11.13 Severability clause

Should any individual provisions of these terms and conditions be or become invalid, the validity of the remaining provisions shall remain unaffected.

11.14 Applicable law

The law of the Federal Republic of Germany shall apply.

12. Prize draws

We occasionally run prize draws, including on social media platforms. If you take part in one of our prize draws, we process the following data about you: name, contact details (such as email address and phone number), and, if applicable, your social media profile. This data is processed on the basis of the prize draw contract (Article 6(1)(b) GDPR) and is used solely for the purposes of running the prize draw, including determining and notifying the winner.

For certain prize draws, signing up to our newsletter is required, as it forms an integral part of the entry conditions. By entering, you agree to subscribe to our newsletter. The newsletter is issued solely to provide relevant information about our products, services and offers.

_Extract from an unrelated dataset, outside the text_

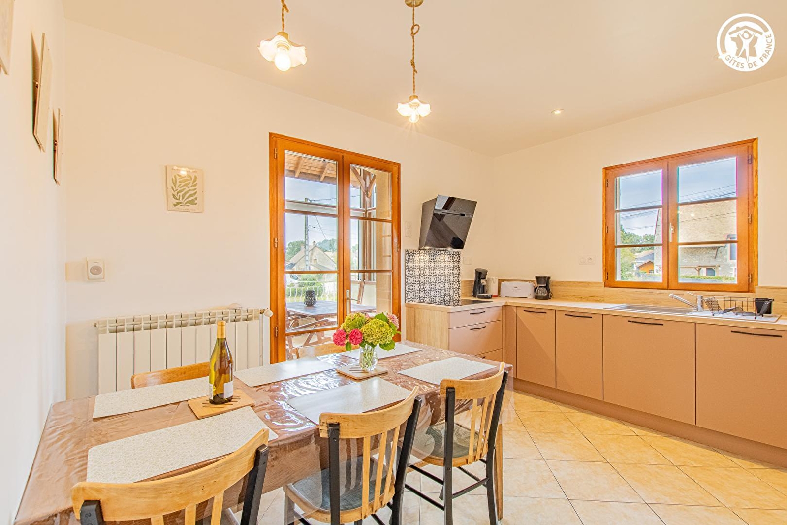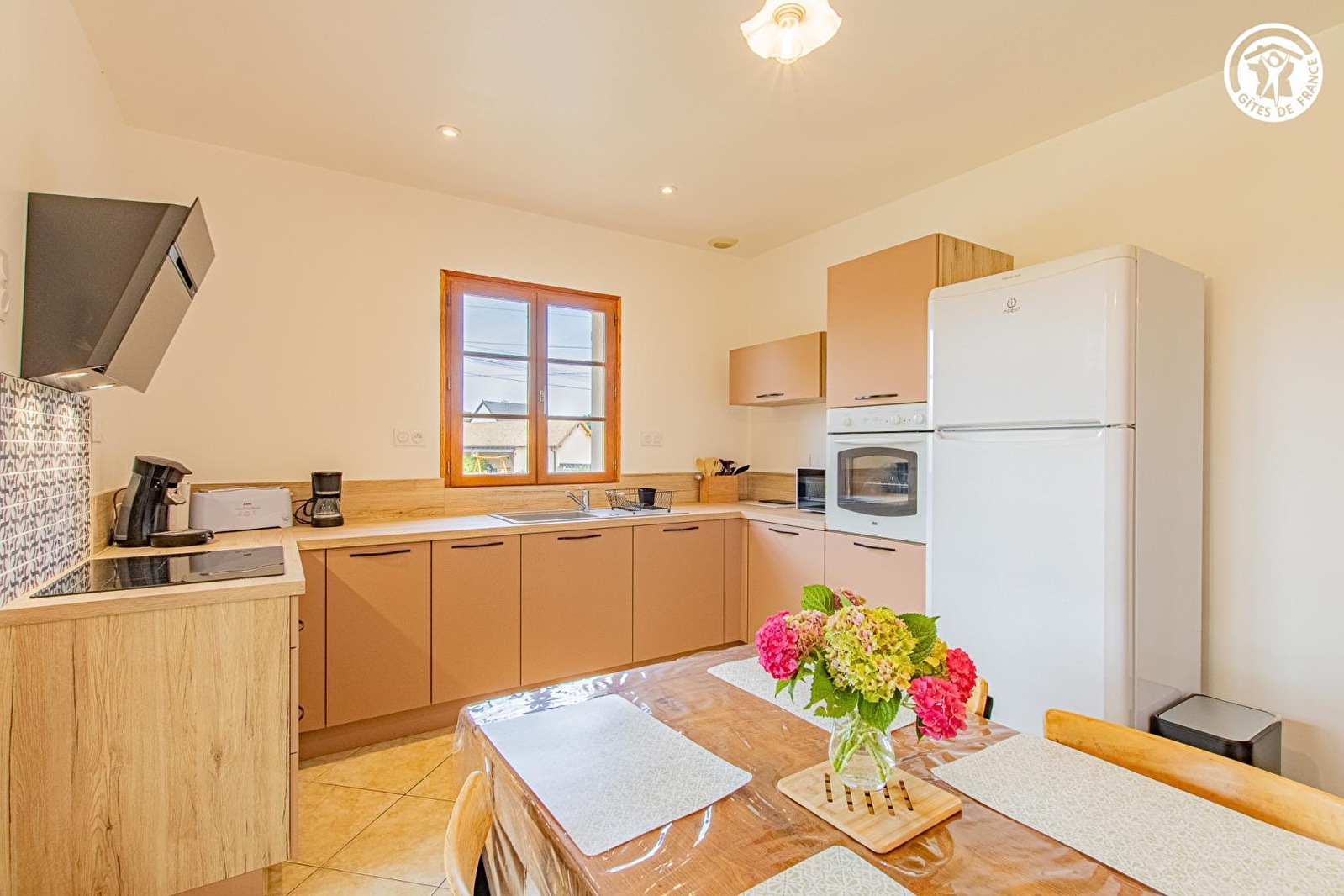 Composition : Maison individuelle. Wifi (fibre). Chauffage central fioul. Rdc surélevé (accès de "plain-pied" par une rampe extérieure) : Cuisine-séjour, salon TV, 3 chambres (2 lits 1 p. 90x200cm / lit 2 p. 140x190cm / 2 lits 1 p. 90x200cm), salle de bain (baignoire), douche, Wc indépendant, buanderie. Jardin (800m²) + terrasse abritée (sous véranda de 16m² non chauffée l'hiver) + balcon + local vélos + parking privatifs. Commodités 3.5 km. Supermarchés 3 km.

You can unsubscribe from the newsletter at any time by using the unsubscribe link in the newsletter or by contacting us directly. Please note that unsubscribing from the newsletter during the course of the prize draw may result in your entry being withdrawn, as the subscription forms part of the terms of participation. Your data will be deleted once the prize draw has concluded, unless legal retention periods require it to be stored for longer or you have consented to further use (such as for the newsletter).

When entering prize draws on social media platforms, the data protection regulations of the respective provider also apply.

Your data will only be disclosed to third parties if this is necessary for the delivery of the prize (such as to shipping providers).

You can find detailed information about the respective competition in the specific terms and conditions.

13. Changes to this Privacy Policy

We reserve the right to amend our privacy statements if required due to new technologies. Please ensure that you have the latest version. If fundamental changes are made to this privacy policy, we will announce them on our website.